Larry Young: 10 Essential Albums
Wednesday, October 20, 2021
Adept at straddling any genre, Larry Young was part of Miles’ Bitches Brew sessions, Tony Williams’ Lifetime and even some one-off sessions with Jimi Hendrix. This is Kevin Le Gendre’s personal guide to the best Larry Young albums
Groove Street
Prestige, 1962
Solid early session from the organist that shows his command of the soulful grits’n’gravy vocabulary as patented by the likes of ‘Brother’ Jack McDuff and Jimmy McGriff.
Into Somethin’
Blue Note, 1964
One of the great Blue Note sleeves – the artist looking statesman-like against the backdrop of the modernist curves of the Paris ORTF studios – announced a futurism reflected in glorious music that broaches adventurous territory. Saxophonist Sam Rivers excels.
Unity
Blue Note, 1965
Arguably the jewel in the organist’s crown: an immensely influential album that showed Young adopting a more modal Coltrane-esque approach in places and forming a formidable sparring partnership with the wizard trumpeter Woody Shaw.
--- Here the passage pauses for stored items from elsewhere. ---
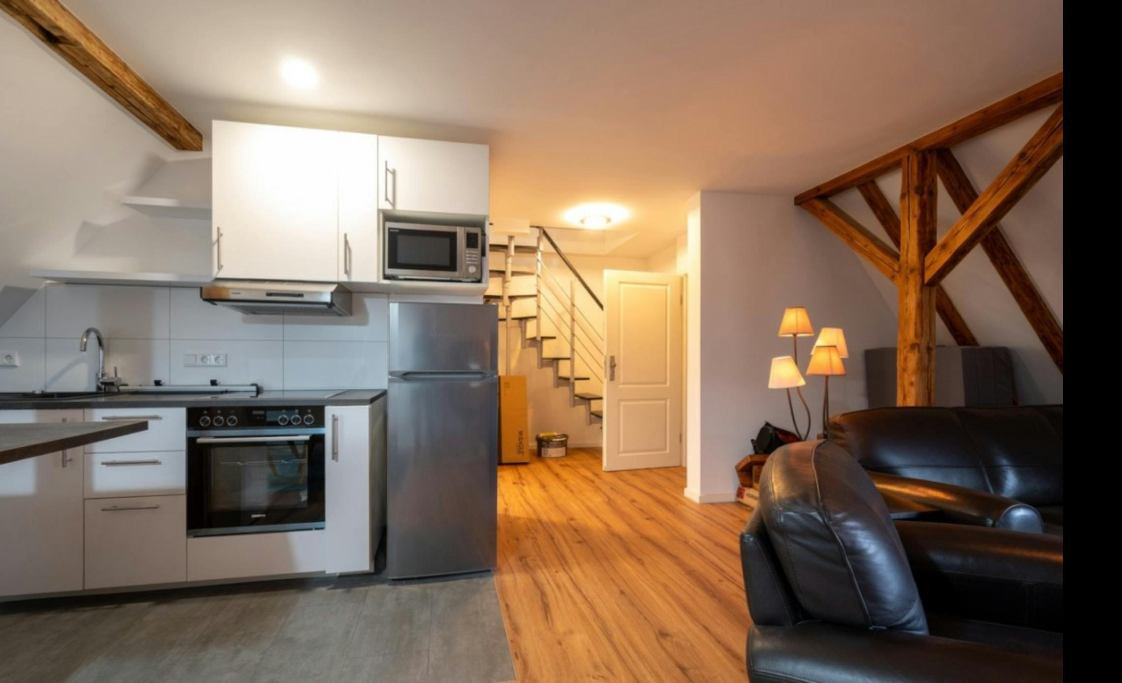 ?Exclusive Renovated Loft Apartment over Two Levels ?This spacious and beautifully designed loft apartment is located on the 2nd floor of a two-family terraced house, spread over two levels. The property is situated in a small, extremely quiet private street in Frankfurt Griesheim-Nord, part of a former historic Art Nouveau workers' colony – a charming and unique residential area. The entire house and apartment were completely renovated and modernized to the highest contemporary standards. Throughout the apartment (except the bedroom), underfloor heating combined with high-quality Parador laminate and tiles ensures a warm and comfortable atmosphere. Upon entering the apartment, you step into...
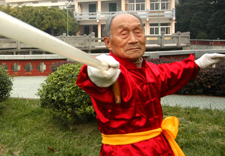 106-year-old man Guo Cairu practises with a cudgel on a community square in Nanjing, east China's Jiangsu Province December 5. [newsphoto]
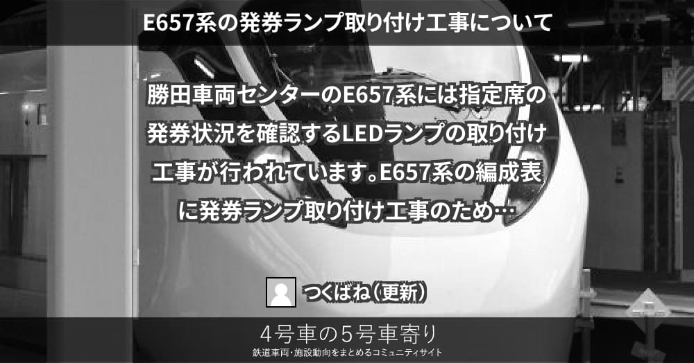 勝田車両センターのE657系には指定席の発券状況を確認するLEDランプの取り付け工事が行われています。E657系の編成表に発券ランプ取り付け工事のための勝田入出場の日付を追加しました。
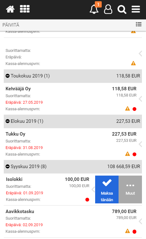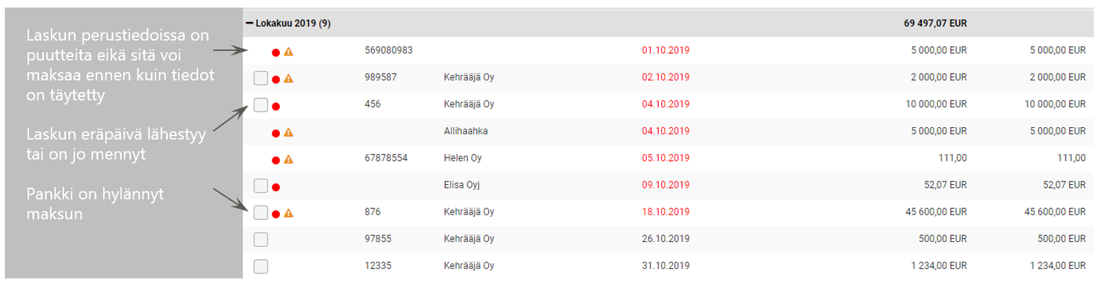 - Jos laskun kohdalla näkyy punainen pallo, laskun eräpäivä on lähellä tai jo mennyt.
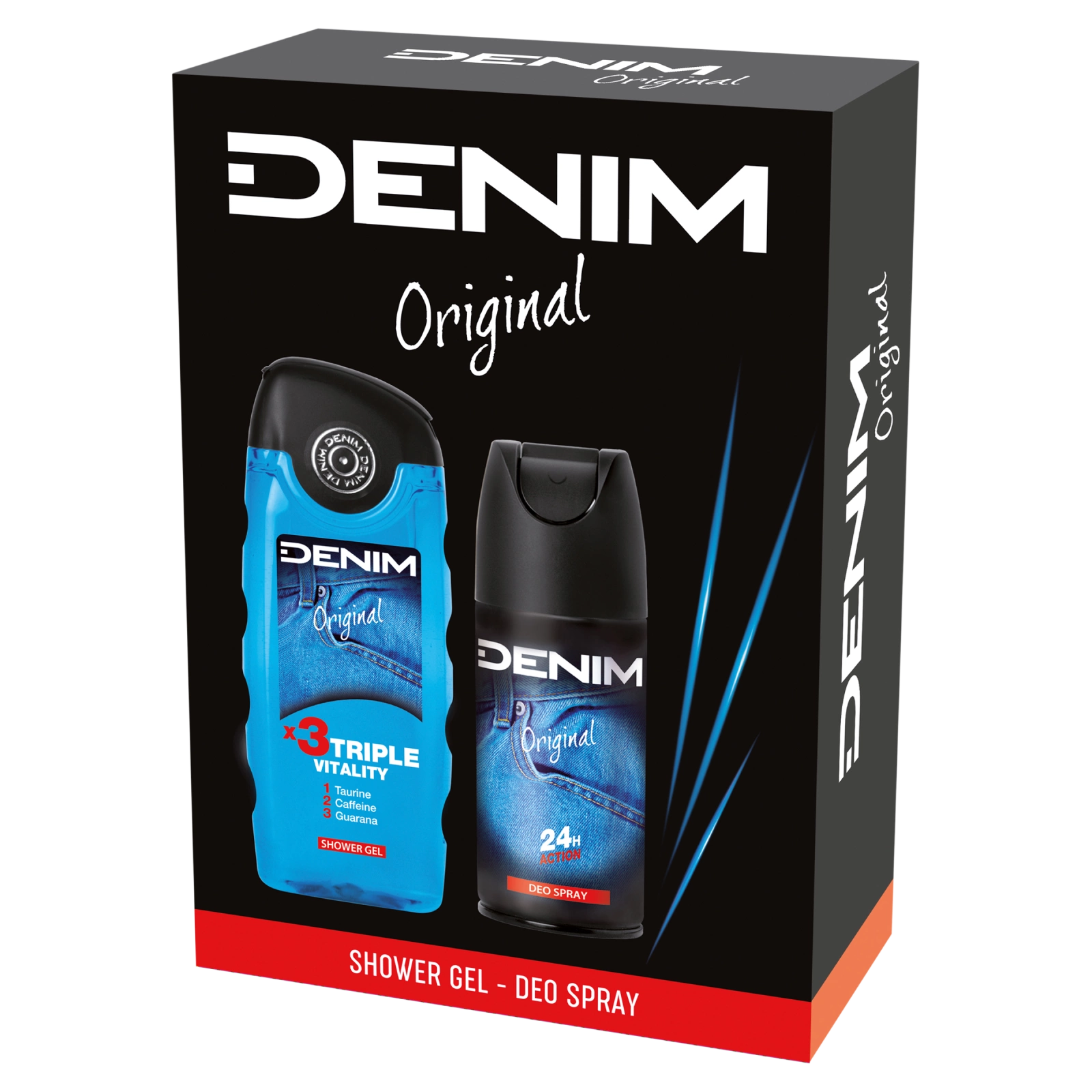 Denim Original tusfürdő: Aqua, Sodium Laureth Sulfate, Cocamidopropyl Betaine, Sodium Chloride, Parfum, Taurine, Caffeine, Paullinia Cupana Seed Extract, Sorbitol, Polyquaternium-7, PEG-40 Hydrogenated Castor Oil, Tetrasodium Glutamate Diacetate, Propylene Glycol, Sodium Lactate, Lactic Acid, Citric Acid, Sodium Benzoate, Methylchloroisothiazolinone, Methylisothiazolinone, Alpha-Isomethyl Ionone, Citronellol, Coumarin, Hexyl Cinnamal, Limonene, Linalool, Denim Original dezodor: Butane, Alcohol Denat., Propane, Isobutane, Parfum, Isopropyl Myristate, 2-Methyl 5-Cyclohexylpentanol, Alpha-Isomethyl Ionone, Citral, Citronellol, Coumarin, Eugenol, Geraniol, Hexyl Cinnamal, Limonene, Linalool

In the Beginning, with Woody Shaw
Muse, 1965
Not released until 1983, this little known Shaw album sees Young return the complement for the Unity session by appearing on several tracks. Most interestingly he plays piano rather than organ and sounds superb.
Heaven On Earth
Blue Note, 1968
Another consolidation of his growing originality sees Young unveil more excellent compositions backed by stellar accompanists that include saxophonist Byard Lancaster and a young guitarist and former Jack McDuff sideman called George Benson.
Mothership
Blue Note, 1969
Although not issued until 1980, this is another fine set of originals that features a very different horn star to Woody Shaw: Lee Morgan.
Lawrence of Newark
Perception, 1973
From the sleeve in which Young is dressed as an Arab prince to the use of layers of dense percussion this is the organist, also known as Khalid Yasin, at his most non-western. Full of heady, hazy ambiences and spacious, spaced-out sounds the session is a post-Lifetime classic.
Fuel
Arista, 1975
One of the key ‘rare groove’ albums that became highly sought-after in the 1990s. Hearing the go-to track ‘Turn Off The Lights’ in a packed club where dancers cut loose to the poundingly funky beat, while their heads were turned by the avant-garde synth stylings, was just mind-blowing.
Spaceball
Arista, 1976
A touch more rocky than its predecessor but Young is still on a serious funk kick that chimes well with a Headhunters-defined world.
Double Exposure, with Joe Chambers
Muse, 1978
Drummer Chambers had been a Young sideman in the 1960s and this is an inspired reunion of the two men. Here Chambers reveals himself to be a skilled multi-instrumentalist and several keyboard duets on the album are brilliant.